Reinaldo de las Mercedes Pared Pérez (25 September 1956 – 29 October 2021) was a Dominican politician. He represented Distrito Nacional in Chamber of Deputies from 1998 to 2002, and served in the Senate since 2006. Pared Pérez was president of the senate twice, between 2006 and 2014, and again between 2016 and 2020. A member of the Dominican Liberation Party, he was named general-secretary in 2001.

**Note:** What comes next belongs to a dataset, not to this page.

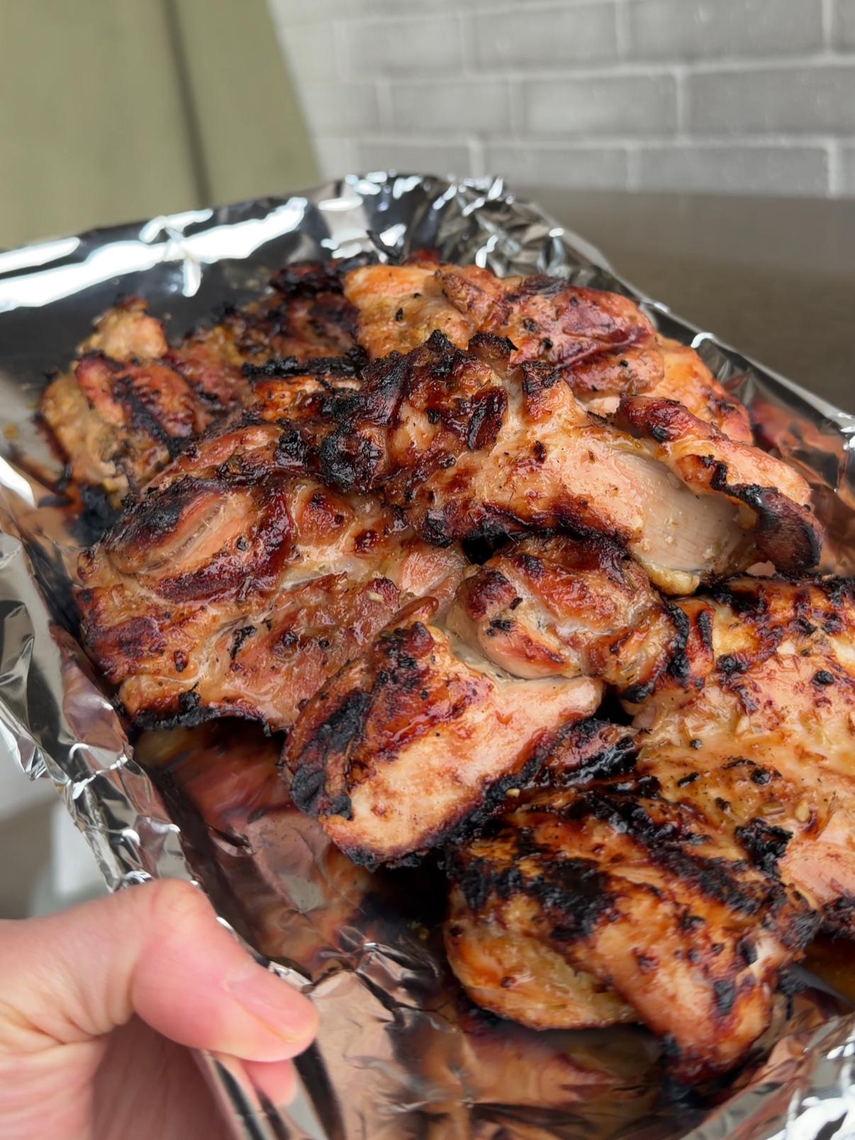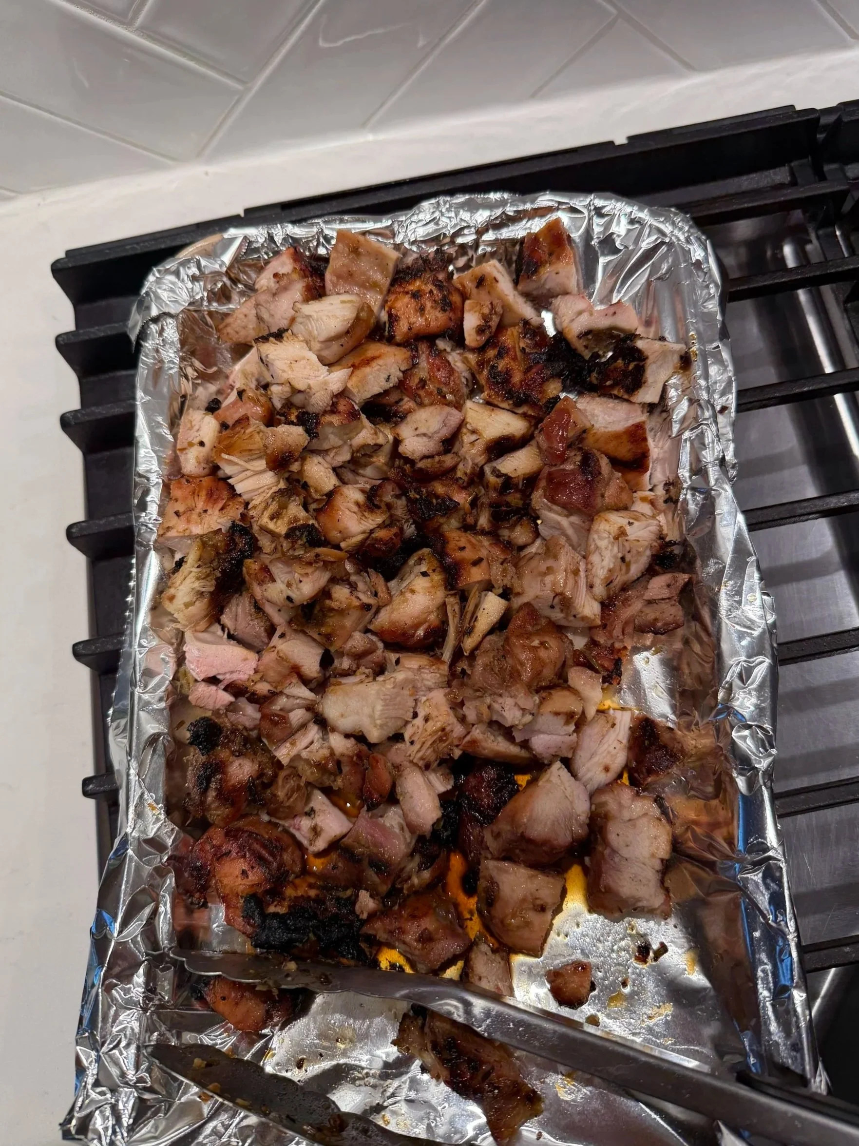 Grill chicken for 6-8 minutes on each side until nice and charred. Chop into cubes for easy eating. Alternatively, you can broil in the oven until cooked for a similar effect.

The government of the Republic of China (Taiwan) awarded Pared Pérez the Order of Brilliant Star Special Grand Cordon in June 2017.

The former secretary general of the Dominican Liberation Party, Reinaldo Pared Pérez, died this Thursday night in what appears to be a suicide.

Pérez was suffering from episodes of depression as a result of health problems caused by a cancer that was detected two years ago and for which he was undergoing treatment.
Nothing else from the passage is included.